── RECORD SET ──

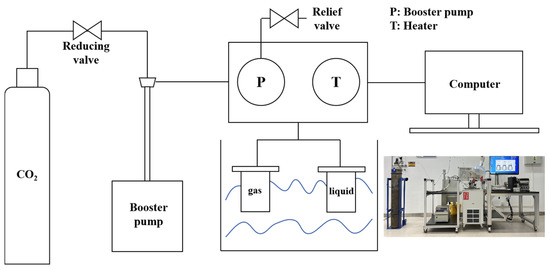 Carbonization test standards were referred to as GB/T 50082-2024 [33]. The prepared standard core samples and standard mechanical property test samples of the four materials were placed in an HTHP reactor. A schematic diagram of the apparatus is shown in Figure 2. The reactor is divided into gas phase and water phase environments. The complete set of HTHP reactor equipment is provided by China National Offshore Oil Corporation (Beijing, China). Ultrapure CO2 is continuously fed into the pipeline of the apparatus to eliminate air; then, the entire apparatus is sealed, and a pressure pump and water bath are used to set the pressure and temperature of the reactor to 10 MPa and 60 °C, respectively. The reactor was enclosed and placed in water to see if it leaked gas. After confirming that the reactor has no leakage, the temperature and pressure are heated and pressurized, and the temperature and pressure are controlled numerically and kept constant to ensure the repeatability of the experimental results. At this temperature and pressure, the CO2 is ultrapure, a critical state. Deionized water is used in the water environment instead of brine because the solubility of CO2 in deionized water is much higher than that of ordinary brine [34] to accelerate the dissolution of CO2. And, this experiment is a static condition, which is also the case in most carbonation experiments. The reason for this is the distance between the abandoned wells and the injection wells, as saturated CO2 brine moves very slowly and negligibly at some distance from the injection wells [35,36]. The reaction was carried out for 28 days under these experimental conditions, and samples were taken at three stages: 7, 14, and 28 days. Attention was paid to the pressure-releasing process, and the pressure-releasing time was kept at about 1 h to avoid sample damage. The carbonized samples were then subjected to mechanical properties, permeability, compositional changes, and micromorphology tests to compare the corrosion resistance of these four materials to supercritical carbon dioxide fluid.
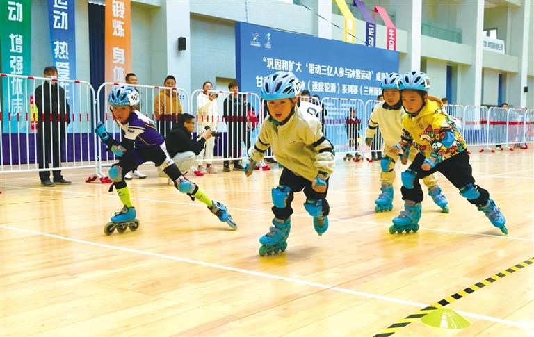 4月12日,“鞏固和擴(kuò)大‘帶動(dòng)三億人參與冰雪運(yùn)動(dòng)’成果”甘肅省速度滑冰(速度輪滑)系列賽(蘭州新區(qū)站)在甘肅省體育館開賽。
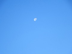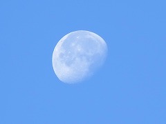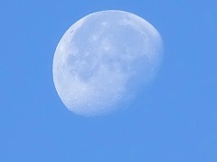 ↓西の方角です。月が残っていました。ズームで撮影してみました。15夜満月が過ぎて、月齢19の下弦の月です。11時頃、西の空に沈みます。
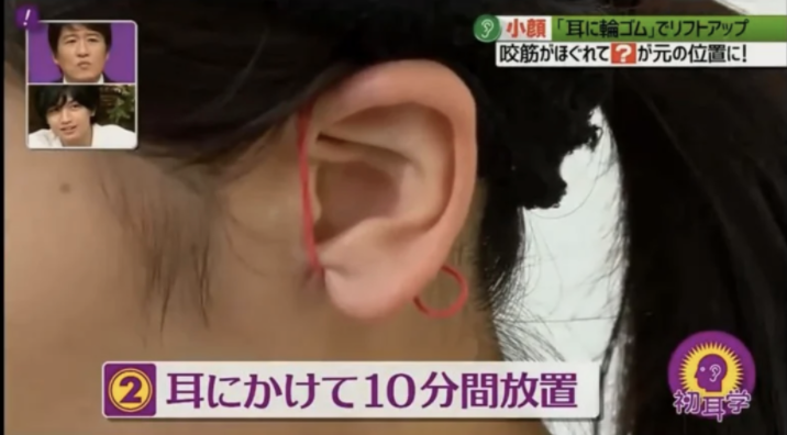 日本就有專家指出只需要一條橡筋及10分鐘的時間,便可以緊緻面部肌肉!將大小適中的橡筋套在耳上,大約10分鐘後除下便可見兩邊面額明顯變瘦。專家解釋橡筋套住耳朵可以放鬆嘴嚼肌,同時可以令原本移位的面⻣返回正確的位置,不過這種方法不建議每天進行,大家可在重要場合作為臨時瘦面方法好了!
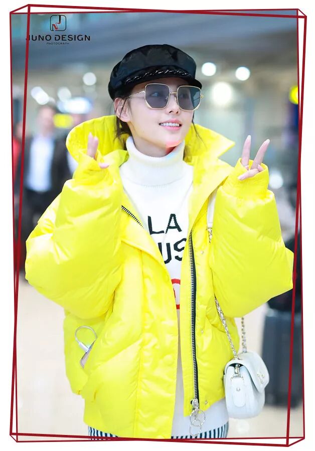 张嘉倪穿着黄色羽绒服
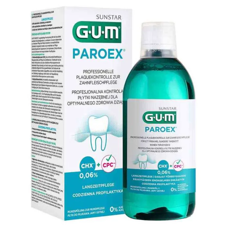 Die GUM Paroex 0,06 % CHX Mundspülung fördert den langfristigen Schutz vor Zahnfleischproblemen und beugt Gingivitis vor. Der antibakterielle Stoff Chlorhexidin (0,06 % CHX) hemmt das Wachstum und die Vermehrung der Bakterien, Cetylpyridiniumchlorid (0,05 % CPC) neutralisiert die schädlichen Stoffwechsel- und Abfallprodukte der Mikroorganismen.
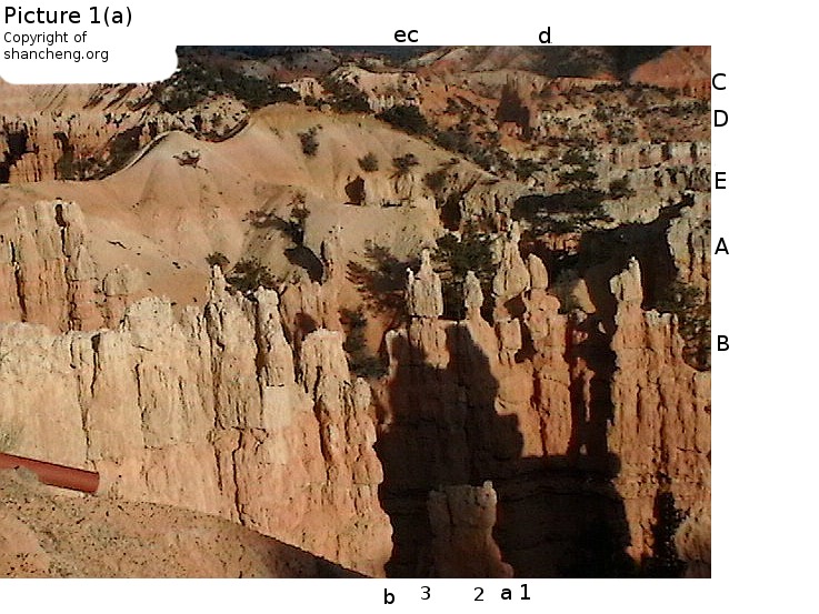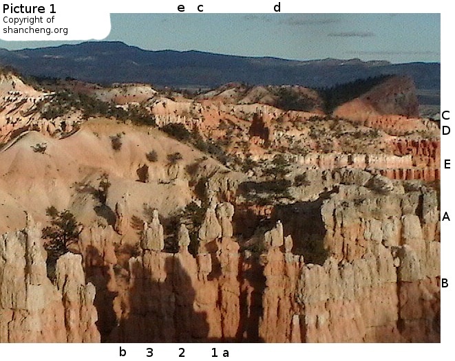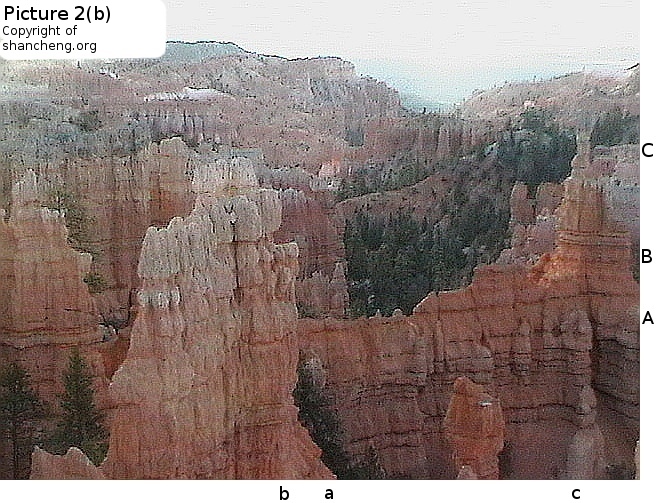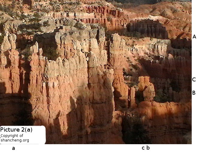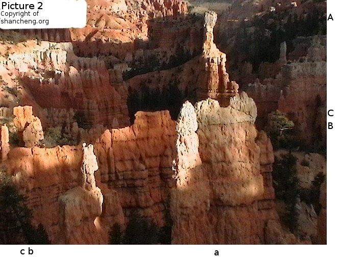 Picture 2bThe setting of Fairy Land is as follows: Viewers are looking toward east into thethe valley that is much smaller in size than the main amphitheater of Bryce Canyon National Park. The pictures from 1 to 2a that have been discussed so far were all taken around 7:45 pm on a clear day in the middle of October when the sun was about to set behind the hill at the back of the viewing point. Under such a lighting condition, the images on the poor resolution LCD screen of the Panasonic pocket camcorder were barely visible. Thus the pictures posted so far were not composed, but just random shots. The phantom images were all uncovered after wards when the pictures were examined. Many years ago when we visited Fairy Land at the middle afternoon of a summer day, two members of our party saw, with naked eyes, an elaborate picture of a little ballerina making the curtain call. After touring the main amphitheater on the way out, we revisited Fairy Land, but the little ballerina was gone. At a few successive visits to Bryce Canyon National Park, we always dropped by Fairy Land trying to find the little ballerina agian, but to no avail. That time equipped with a digital camcorder, many pictures were taken randomly with the hope to find the little ballerina, but instead many other phantom images have been found as reported here. The next morning after watching the sun rise at Bryce Point at the ridge of the main amphitheater, we stopped at Fairy land again and took some pictures. That time the camera was directly facing the eastern sun, nothing spectacular was expeced. However, Picture 2b as posted at the right reveals interesting aspects. The scene in the picture is clearly comparable with the scene in Picture 2. At the position Cc, the tall stone column is without any doubt the old man on the the chair in Picture 2. In the washed out portion by sun light, we can still trace out a dim contour of the face of the old man. The wall at the fore front is exactly the wall where the "Short Hair Beauty" is lurking out in Picture 2. At the position Aa we can even identify the crack on the wall to pin point the exact position of the image of "Short Hair Beauty". At Bb the twin column from Picture 2 are there, and at its foothill there extends another distant wall. The image of "Short Hair Beauty" was created by the projection of light on this distant wall. Some bush visible at the corner of the wall and the nearby stone must be the thing that obscure the lip of "Short Hair Beauty". |
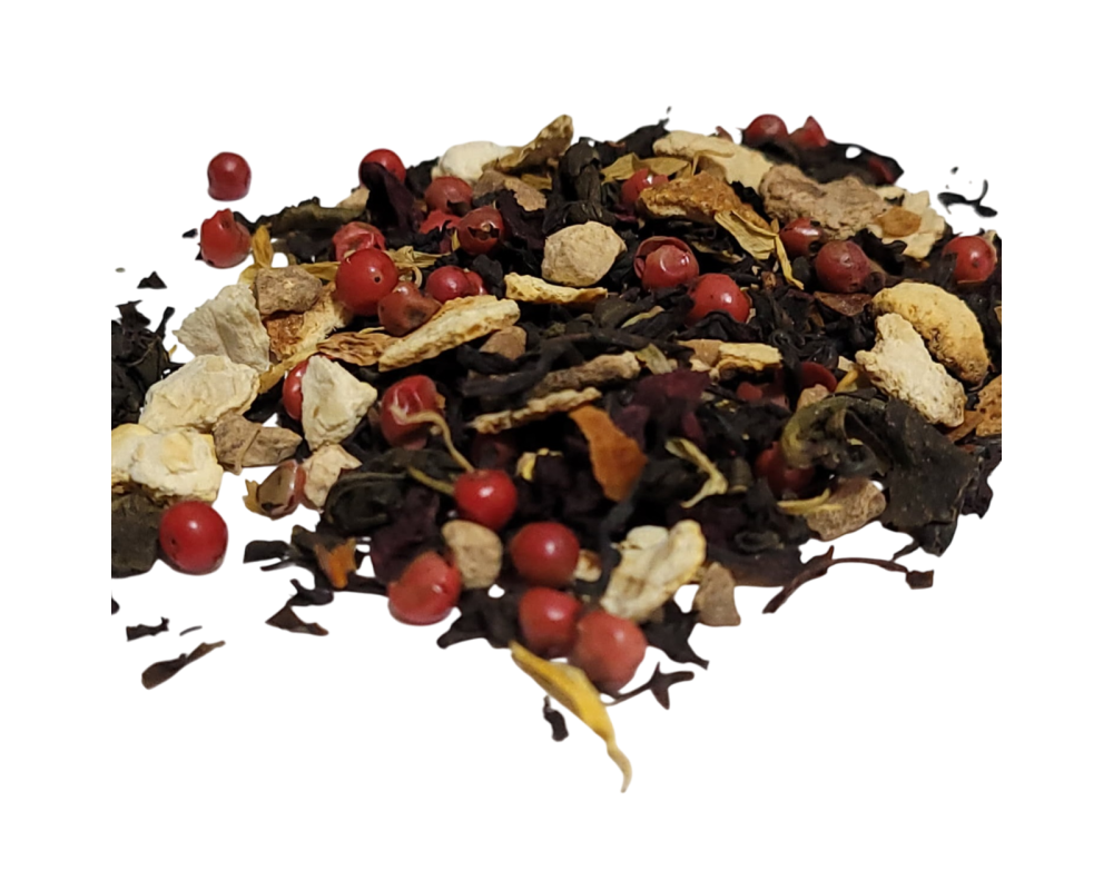 Tags: tea, green tea, black tea, ginger, pink peppercorn, beet, orange peel, chili, houseblend, castlemania
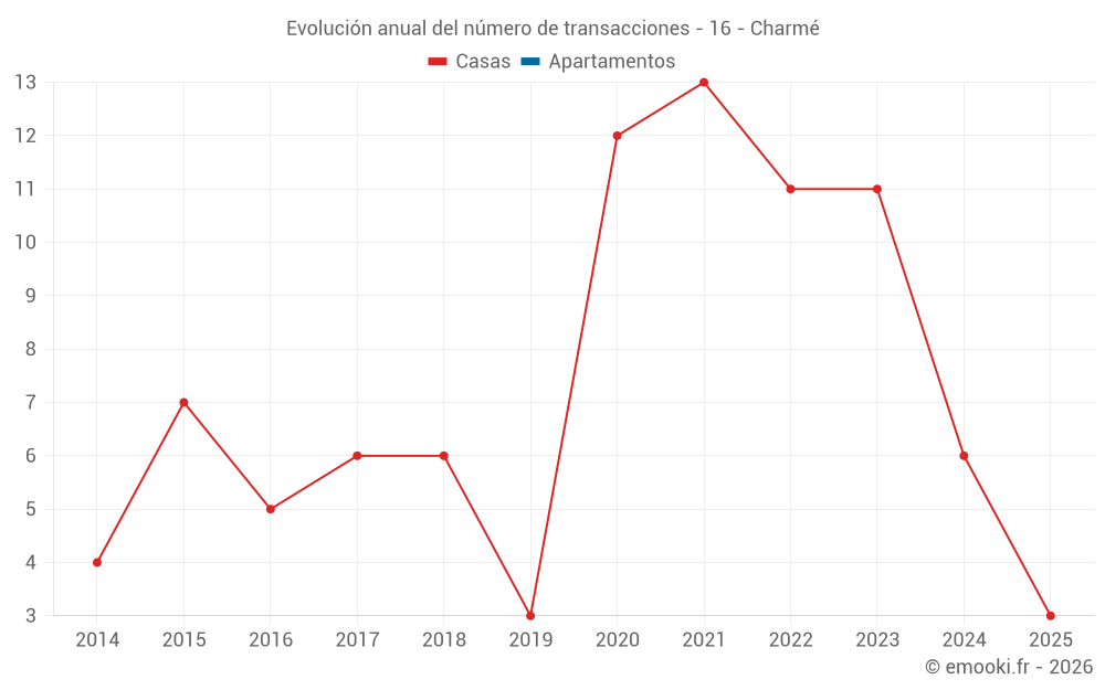 El precio mediano en las 15 transacciones de casas de los últimos 24 meses en la comuna de Charmé fue de 867 € por metro cuadrado para un valor patrimonial medio de 70 000 €. Durante este período el 60% de las transacciones estuvieron entre 343 y 1 087 € por metro cuadrado (del 2º al 8º decil).
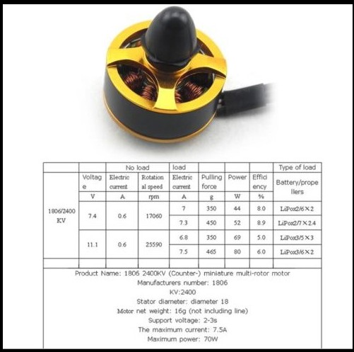 - Оборотів в хвилину: 2400Kv;
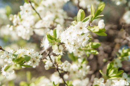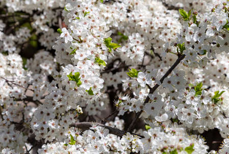 Blooming cherry branches with white flowers close-up, background of spring nature. Macro image of vegetation, close-up with depth of field.
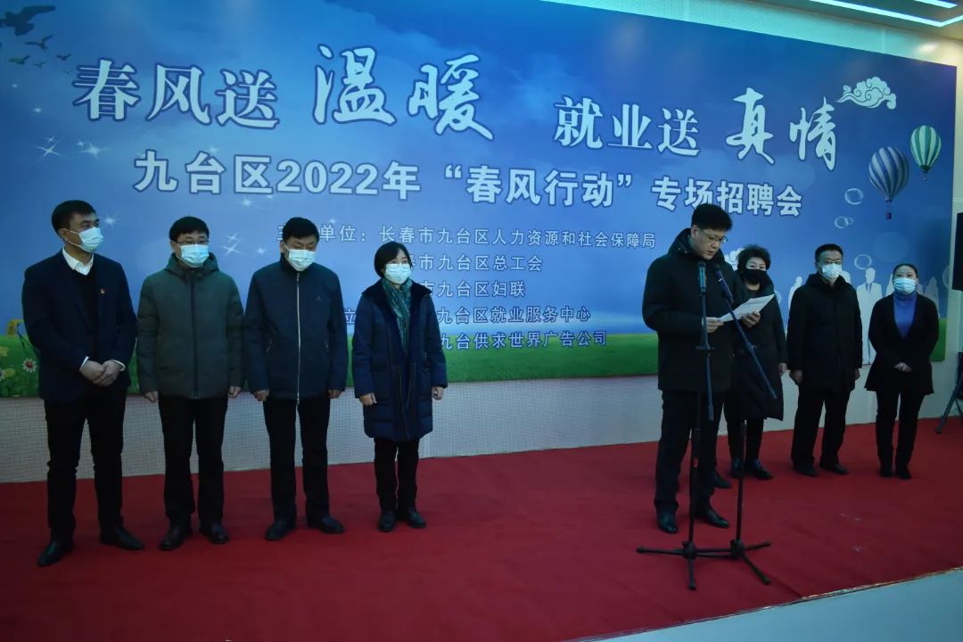 中工网讯 据长春市总工会微信公众号消息,近日,长春市九台区总工会、区人社局、区妇联在民生大厦联合举办以“春风送温暖、就业送真情”为主题的九台区2022年“春风行动”专场招聘会。活动开幕式由区委常委、常务副区长张运广致辞,区人社局局长张新天主持,区总工会、妇联、就业服务中心领导出席开幕式并进行现场指导。
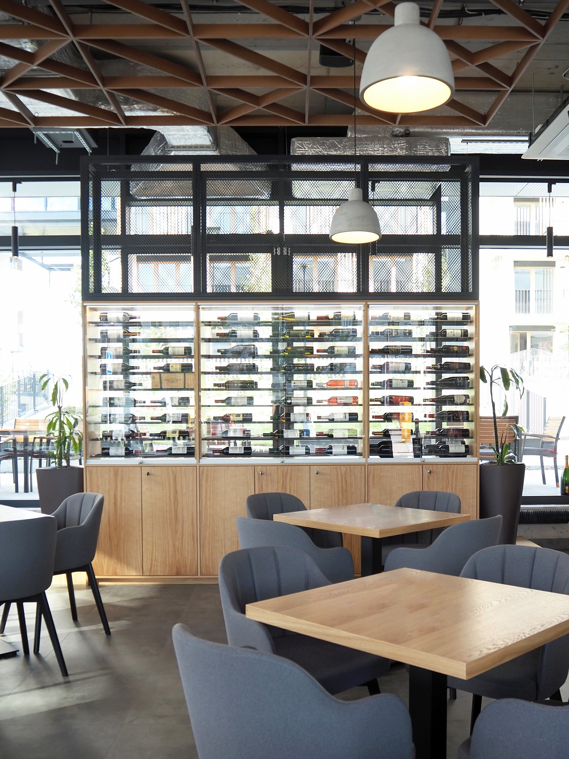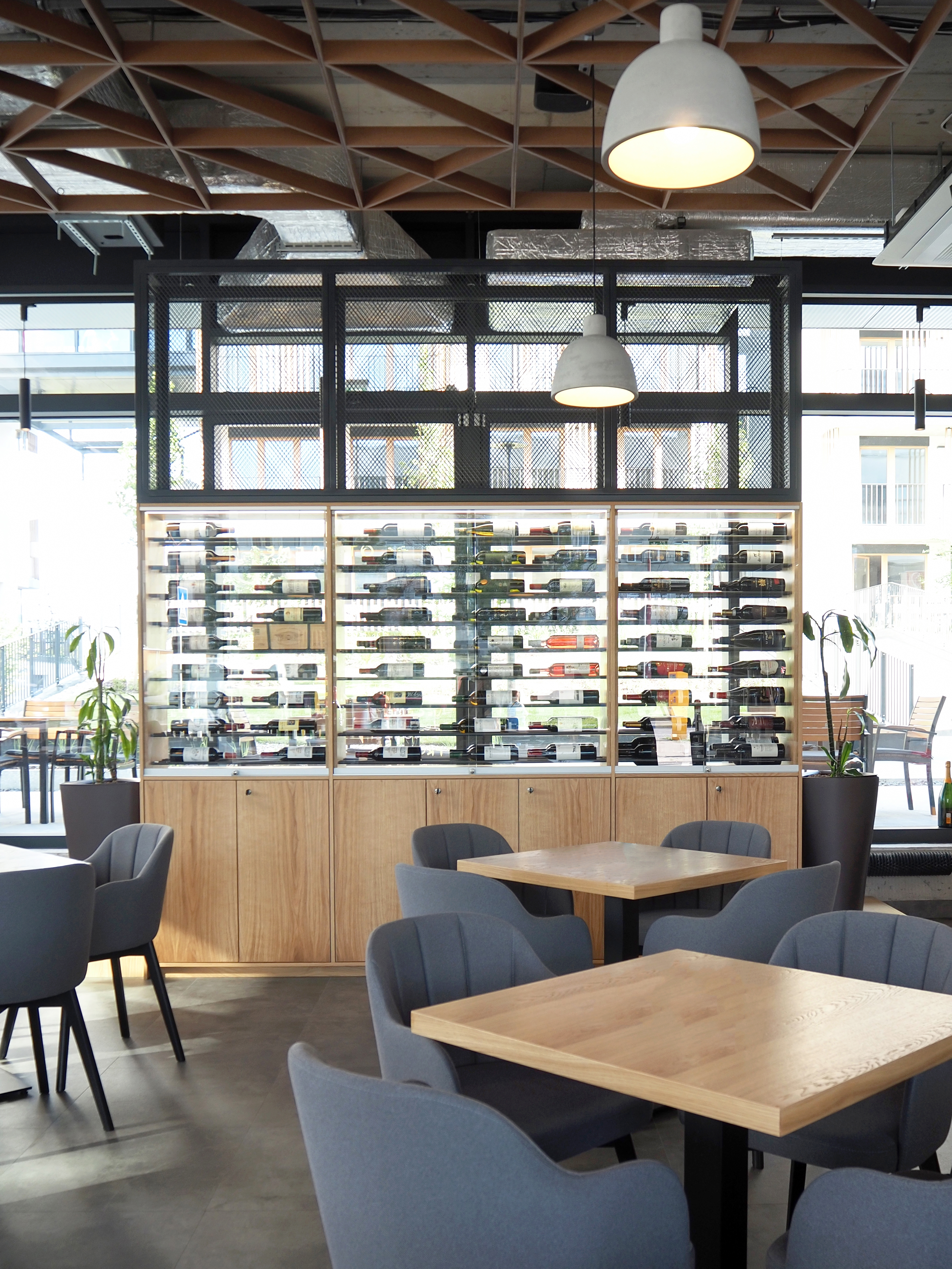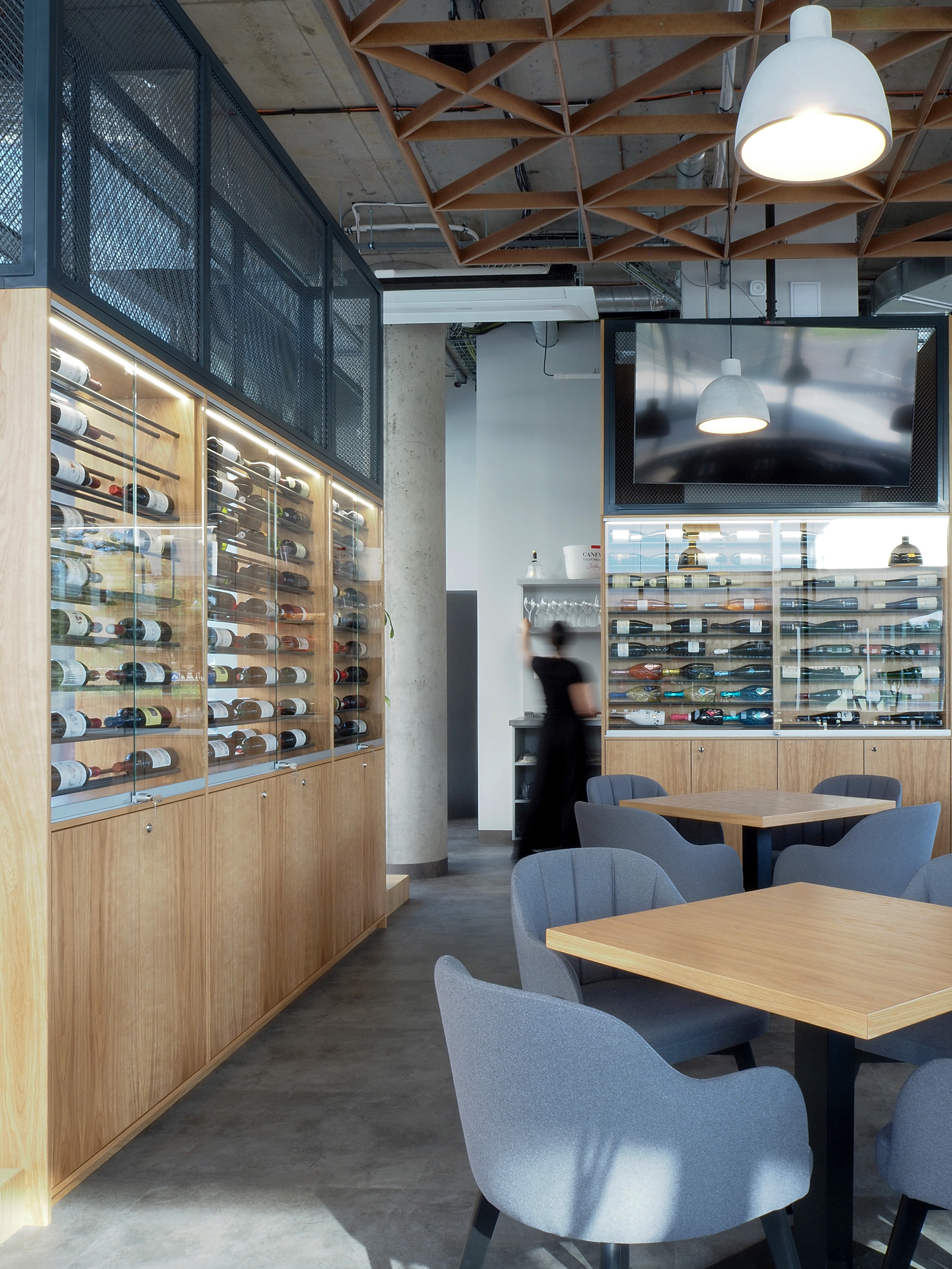 Prvým dominantným prvkom je drevený pult lemujúci presklenú fasádu. Pult smerom do exteriéru prezentuje okoloidúcim víno a z vnútornej strany poskytuje návštevníkom priestor na sedenie s možnosťou vizuálnej komunikácie s okolím. Druhým prvkom je drevená vitrína s presklením, ktorej súčasťou sú drevené schody smerujúce na zadnú terasu. Tento prvok tvorí pomyselnú vstupnú bránu a zároveň obojstranné presklenie vitríny. Okrem prezentácie vín, poskytuje výhľad na atraktívny vnútroblok bytového komplexu. Tretím prvkom je barový pult, ktorého oblý tvar a poloha vychádza z charakteru celého priestoru. Použitým materiálom je oceľ v kombinácii s ťahokovom. Umelé osvetlenie je realizované systémom rámp pre zaručenie variability v budúcnosti.

───

# ACTION ITEM
Using the entries above, write out exactly the lines from the one with "Blooming cherry branches" through the one with "中工网讯 据长春市总工会微信", ends included. Leave out any pictures.

# TASK RESPONSE
 Blooming cherry branches with white flowers close-up, background of spring nature. Macro image of vegetation, close-up with depth of field.
 中工网讯 据长春市总工会微信公众号消息,近日,长春市九台区总工会、区人社局、区妇联在民生大厦联合举办以“春风送温暖、就业送真情”为主题的九台区2022年“春风行动”专场招聘会。活动开幕式由区委常委、常务副区长张运广致辞,区人社局局长张新天主持,区总工会、妇联、就业服务中心领导出席开幕式并进行现场指导。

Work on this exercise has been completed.